Crítica publicada em O Globo
Por Clovis Levi – Rio de Janeiro – 02.06.1979

Barra

Não se prende o vento

O América Futebol Clube está de parabéns: inicialmente por presentear os cariocas com mais um teatro na Zona Norte (dentro de suas modernas instalações recentemente inauguradas na Rua Campos Sales); e, segundo, por demonstrar sua sensibilidade para com as crianças iniciando as atividades teatrais exatamente com uma peça infantil. As pessoas que batalham pelo teatro infantil e se veem cercadas de preconceitos por todos os lados certamente estarão aplaudindo junto.

A peça de estreia, Era Uma Vez uma Gata, de Sérgio Carvalhal, é um bom trabalho. Existe uma visível preocupação com o resultado visual: as marcas obedecem a um desenho orgânico; os figurinos (de Marco Aurélio) são bonitos e alegres; procura-se 9 com os poucos recursos existentes) utilizar a iluminação para a criação de climas; o cenário é muito sugestivo e cheio de atmosfera quando se utiliza dos telões em forma de cortina abrindo e fechando (o mesmo, entretanto, não pode ser dito do cenário do interior do teatro, feito com armações e que resulta pobre de imaginação) em comparação com os demais elementos visuais). O espetáculo carrega uma simpatia muito comunicativa.

Entretanto, não se pode afirmar que a encenação seja sempre interessante. O espetáculo se desenvolve com altos e baixos, sendo muito nítida a existência de momentos fortes e expressivos; e de momentos mortos e sem interesse. Para isso contribuem tanto a pouca experiência do diretor quanto as deficiências do texto, de sua própria autoria. A peça não tem muito a dizer e acaba, inclusive, se perdendo no pouco que pretende colocar. Inicia-se um concurso que, apesar de ter um resultado previsível, cria-se certo interesse; logo depois, entretanto, abandona-se totalmente o concurso e a história entra numa inesperada (e sem justificativa anterior) formação de casais. Depois volta-se ao concurso e a gata-heroína se disfarça mas, nesse disfarce, ela muda tão completamente de personalidade (de tímida para extrovertida) que não consegue convencer em termos de plausibilidade. (Em termos cênicos, entretanto, a direção e atriz Nádia Nardini conseguem obter bons resultados cômicos). O texto perde sua força, definitivamente, quando resolve ser moralista e passar mensagens positivas, principalmente através dos personagens Coragem e Sem Medo. Nesses momentos, o texto perde muito em interesse e em dinâmica.

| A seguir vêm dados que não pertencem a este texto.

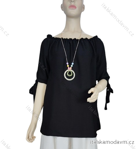 ZBOŽÍ (22821) > Oblečení dámské (18170) > Topy, trička, tuniky a tílka (2457) > Tuniky (832) > Tuniky krátký rukáv (348) > Tunika s přívěškem krátký rukáv dámská (L/XL ONE SIZE) ITALSKÁ MÓDA IMWDI24009/DUR - Černá - L/XL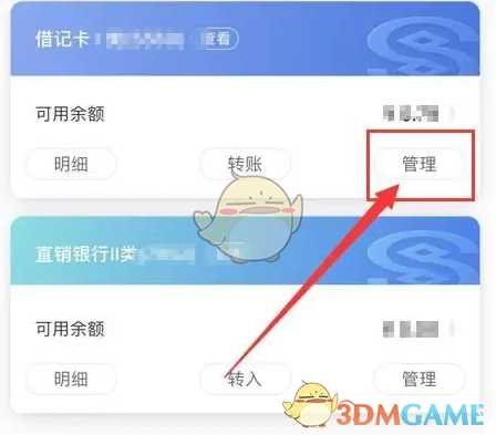 3、进入我的银行卡页面,点击“管理”。图示如下: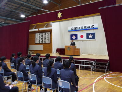 卒業式前日ということで疲れもある中、しっかりとした態度で会に臨んでいる3年生。とても立派でした。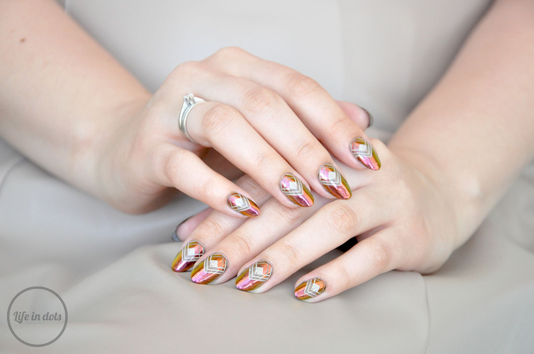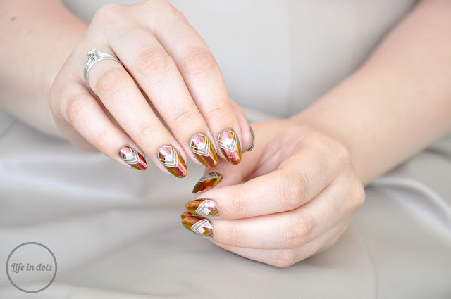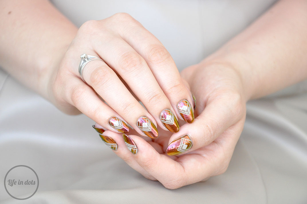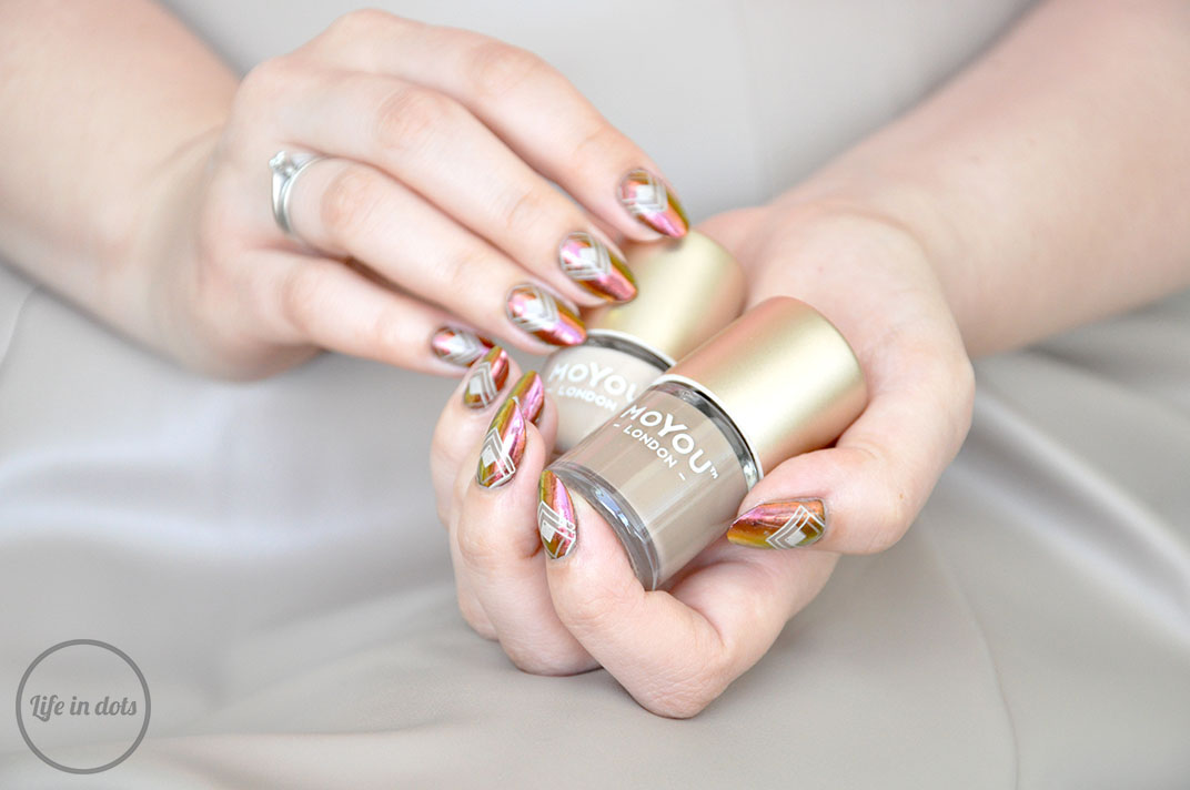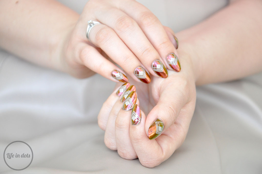 Chociaż efekt sam w sobie jest przepiękny, to ja dodatkowo pokusiłam się na stworzenie klasycznego, geometrycznego zdobienia, do którego zainspirował mnie odcień pyłku WhatsUp Nails – Sunset Powder. Puder ten mieni się zieleń, fiolet, czerwień, pomarańcz i złoto, które kojarzą mi się z afrykańską sawanną. Postawiłam więc na zdobienie w brązach i beżach, ale zamiast klasycznych plemiennych wzorów wybrałam geometrię. Posłużyłam się w tym celu płytką MoYou London Minimal 04, lakierami – Cappucino oraz Cafe Au Lait i przezroczystym stemplem. Całość ponownie porządnie utrwaliłam lakierem nawierzchniowym i voilà!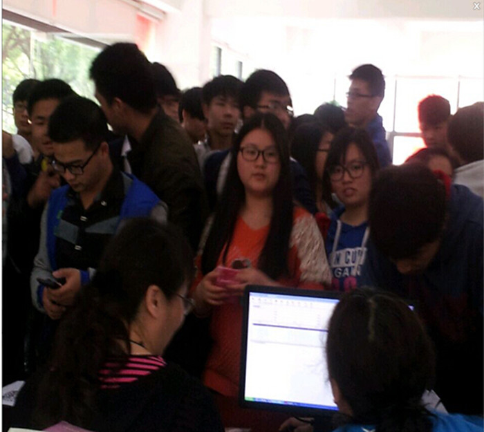 找书比赛快开始了,同学们边排队报名,边查看手中的图书馆微信。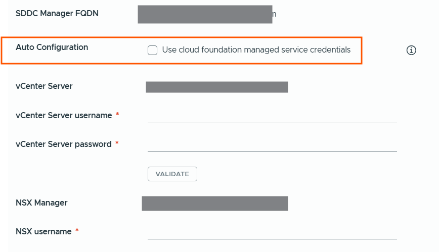 we can manually provide the service account details for vCenter and NSX or we can choose to configure automatically.

Dizendo-se um espetáculo musical Era Uma Vez uma Gata pode ser considerado um bom musical: tudo é realizado com muito cuidado, com muita preocupação com o acabamento. E verdade que é musical absolutamente rotineiro, sem nada original, com uma coreografia bem realizada pelos atores, mas banal na sua criatividade, com movimentos iguais a tantos já vistos em tantos outros espetáculos, para crianças ou para adultos. O mesmo pode se dizer da música: funciona, mas dá sempre a impressão de que já foi ouvida antes.

O elenco, apesar de um visível prazer pelo que está fazendo, paga o preço da inexperiência e da pouca técnica. Destaca-se mais uma vez Nádia Nardini (seu trabalho em História de Copélia também era bem superior ao do restante do elenco) que mostra nítidas qualidades de atriz e dançarina, com uma atuação bem comunicativa e cheia de humor. Também a atriz que faz a gata portuguesa (Cristina Magrassi) se sai muito bem. Para ser totalmente justo é preciso falar também de Lúcia Beatriz Queiroz que, substituindo Glória Pires (pé quebrado), não deixou a peteca cair.

Era Uma Vez uma Gata, de Sérgio Carvalhal, abre com resultados positivos o teatro do América Futebol Clube; o espetáculo é leve, simpático, bem acabado e compensa um pouco as falhas do texto e a inexperiência dos jovens participantes do grupo.